Should the listing contain images, exclude them; give the rest again exactly.

> **AVAILABLE DATA**:
▬▬▬

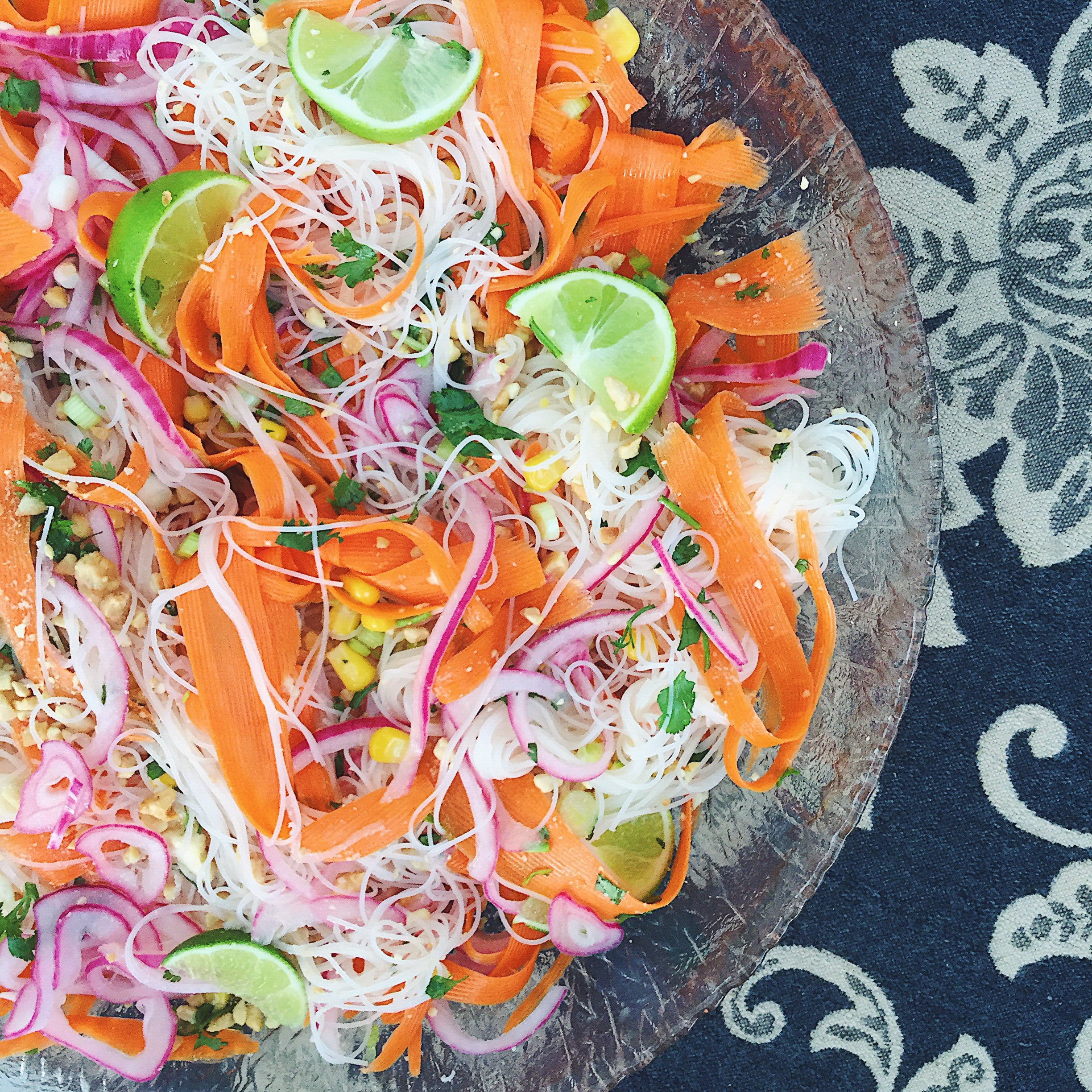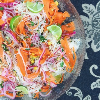 review. The first thing I noticed when cooking from this book is that the suggested serving sizes are quite small (2-3 servings), however I was able to quite easily double (or triple) the recipes in order to accommodate the 5 adults and 1 toddler I was cooking for. My dad and sister kindly obliged my request to choose the first recipes I would try. It was the rice noodle salad on the front cover that caught my dad’s attention so that was one of the first dishes I made. The Zingy Carrot and Noodle Rice Salad (p. 155 — pictured right) was amazingly delicious — the ribboned carrot gets “pickled” by the heated dressing and when added to the final dish really add to the overall flavour and texture. The crunchy, tangy carrots paired with the sweet corn, and the chewy, mild rice vermicelli, along with the cilantro and lime really make for a beautiful and non-lettuce based salad that was a clear favourite with my family. But really who am I kidding? They have absolutely loved all the recipes I’ve made from Izy’s book. Even if you’re a “meat eater” (as my dad puts it) you can easily incorporate these recipes into your Meatless Monday routine or even add meat to the dishes if you’re so inclined (or maybe you’re looking to eat less meat). I know my mom, dad, and sis — all non-vegetarians — felt completely satisfied after every meal. Nothing fad-y or strange just great cooking.
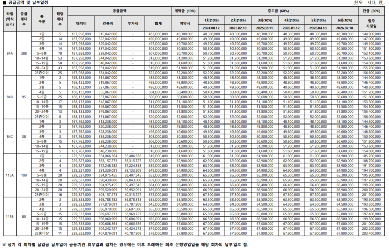 공급금액은 84타입 평균 5억정도, 115타입은 6.5억정도 구성 되어있네~~
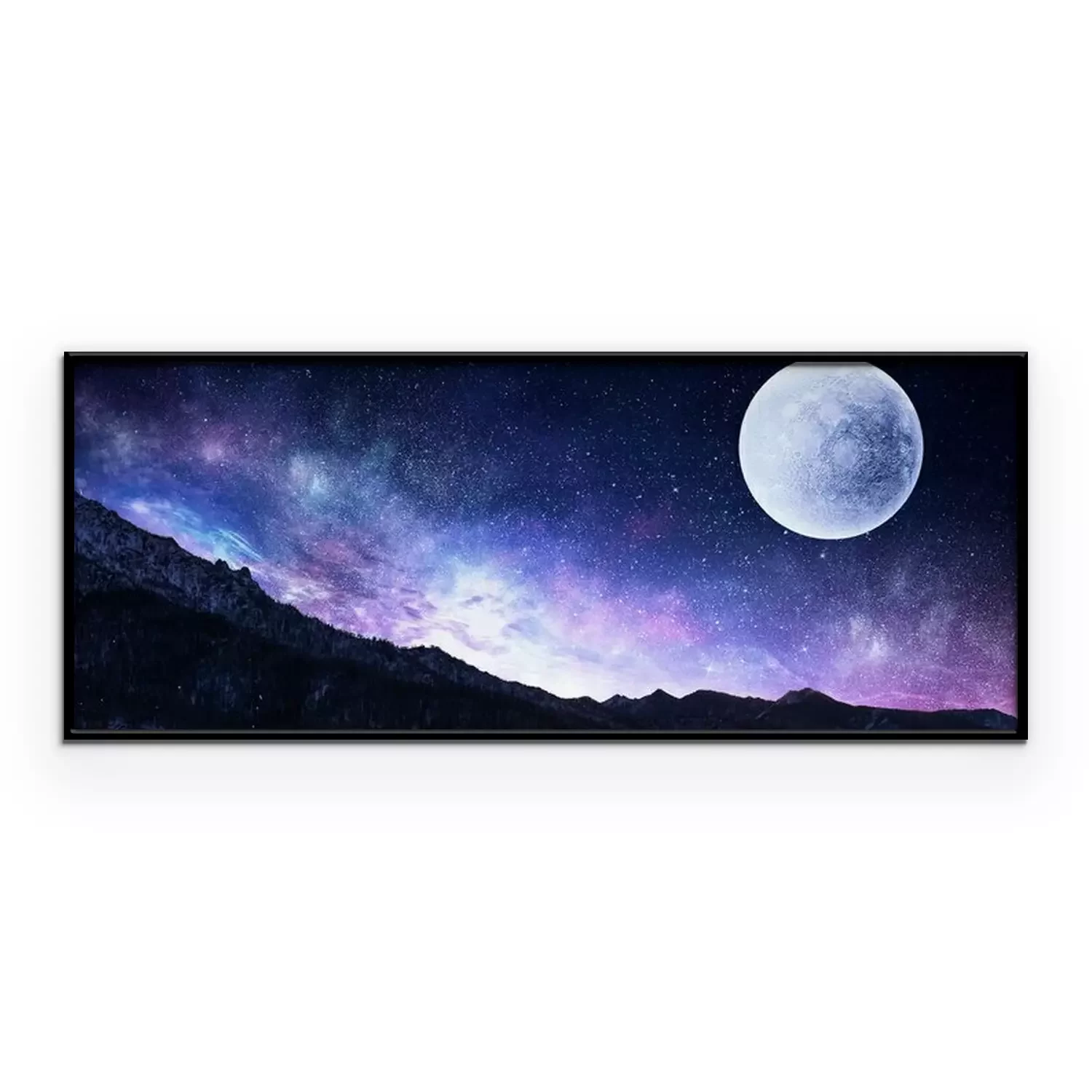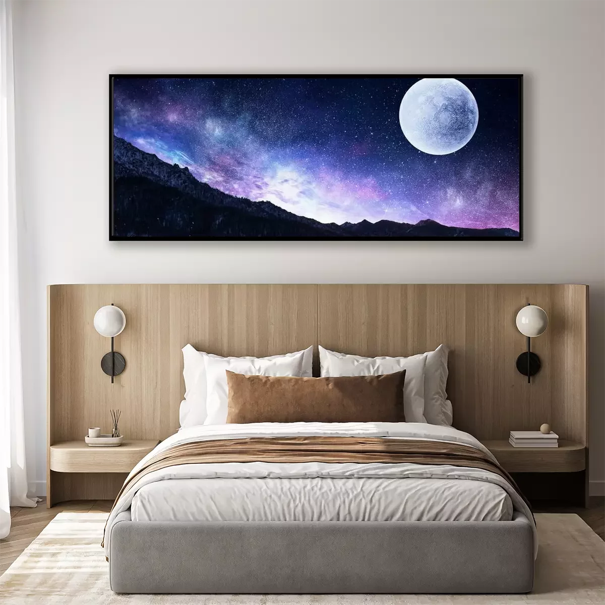 Das Meer mit einem riesigen Mond und einem Sternenhimmel
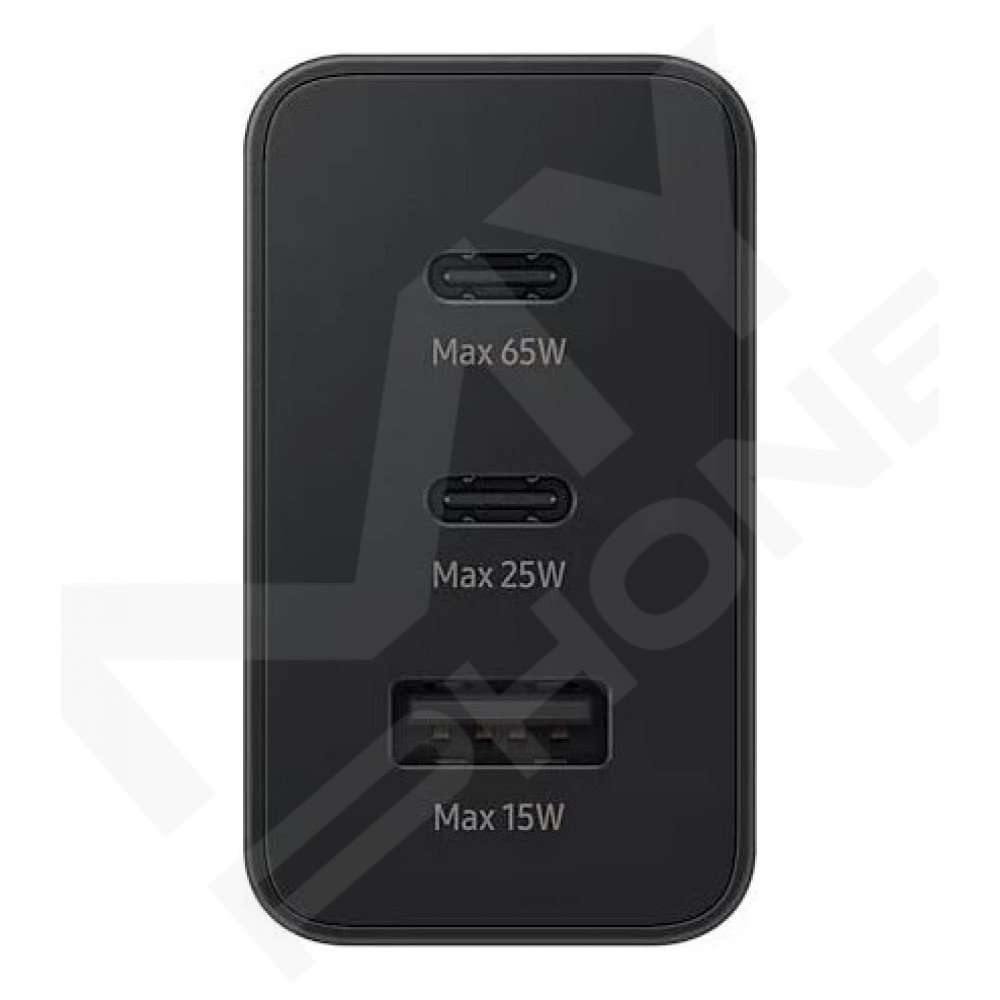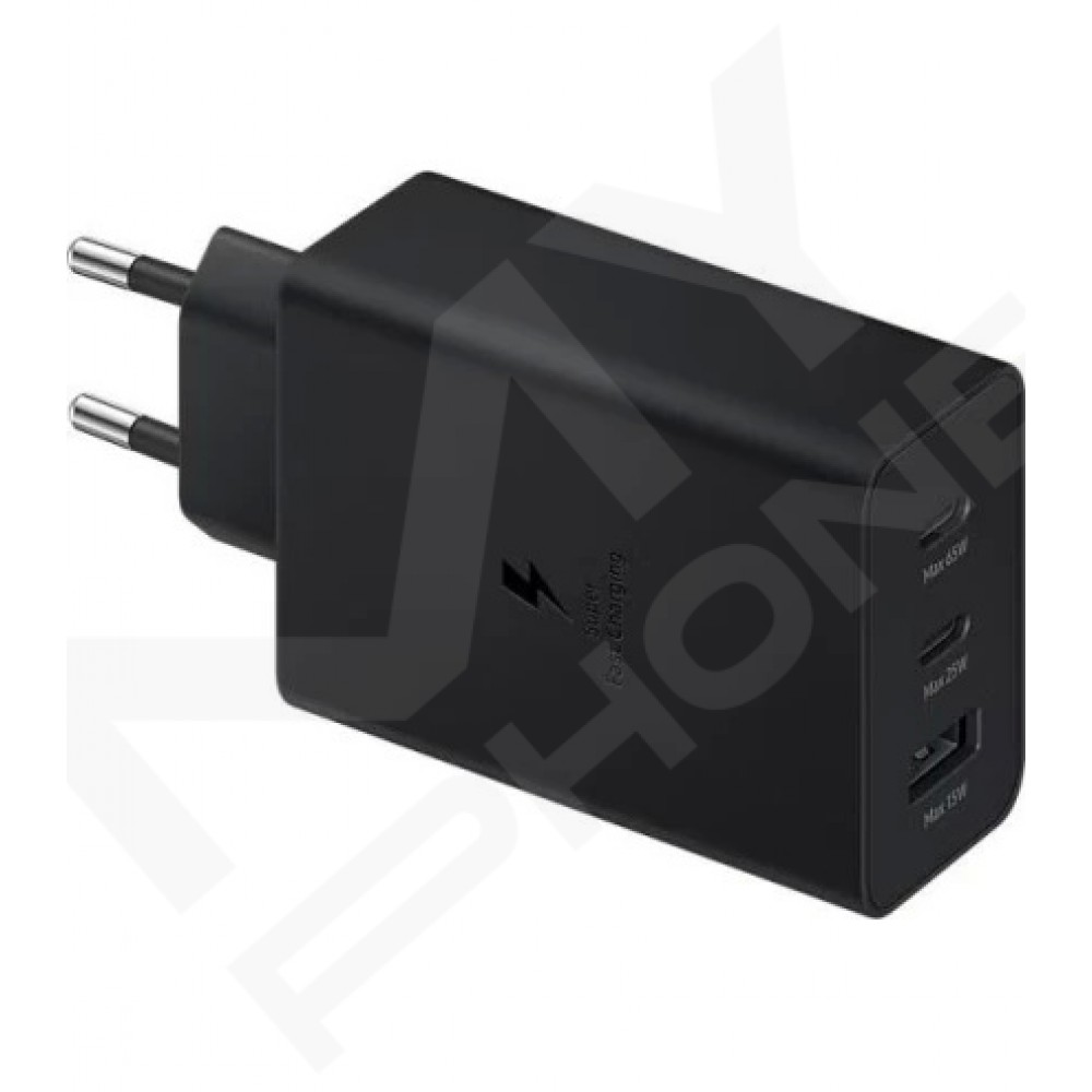Теги: Samsung EP-T6530NBEGEU, зарядний пристрій Samsung 65W, Trio, 2 USB-C, 1 USB-A, PD 3.0, PPS, Super Fast Charging, чорний адаптер, блок живлення

▬▬▬

> **FINISHED TASK**:
 review. The first thing I noticed when cooking from this book is that the suggested serving sizes are quite small (2-3 servings), however I was able to quite easily double (or triple) the recipes in order to accommodate the 5 adults and 1 toddler I was cooking for. My dad and sister kindly obliged my request to choose the first recipes I would try. It was the rice noodle salad on the front cover that caught my dad’s attention so that was one of the first dishes I made. The Zingy Carrot and Noodle Rice Salad (p. 155 — pictured right) was amazingly delicious — the ribboned carrot gets “pickled” by the heated dressing and when added to the final dish really add to the overall flavour and texture. The crunchy, tangy carrots paired with the sweet corn, and the chewy, mild rice vermicelli, along with the cilantro and lime really make for a beautiful and non-lettuce based salad that was a clear favourite with my family. But really who am I kidding? They have absolutely loved all the recipes I’ve made from Izy’s book. Even if you’re a “meat eater” (as my dad puts it) you can easily incorporate these recipes into your Meatless Monday routine or even add meat to the dishes if you’re so inclined (or maybe you’re looking to eat less meat). I know my mom, dad, and sis — all non-vegetarians — felt completely satisfied after every meal. Nothing fad-y or strange just great cooking.
 공급금액은 84타입 평균 5억정도, 115타입은 6.5억정도 구성 되어있네~~
 Das Meer mit einem riesigen Mond und einem Sternenhimmel
Теги: Samsung EP-T6530NBEGEU, зарядний пристрій Samsung 65W, Trio, 2 USB-C, 1 USB-A, PD 3.0, PPS, Super Fast Charging, чорний адаптер, блок живлення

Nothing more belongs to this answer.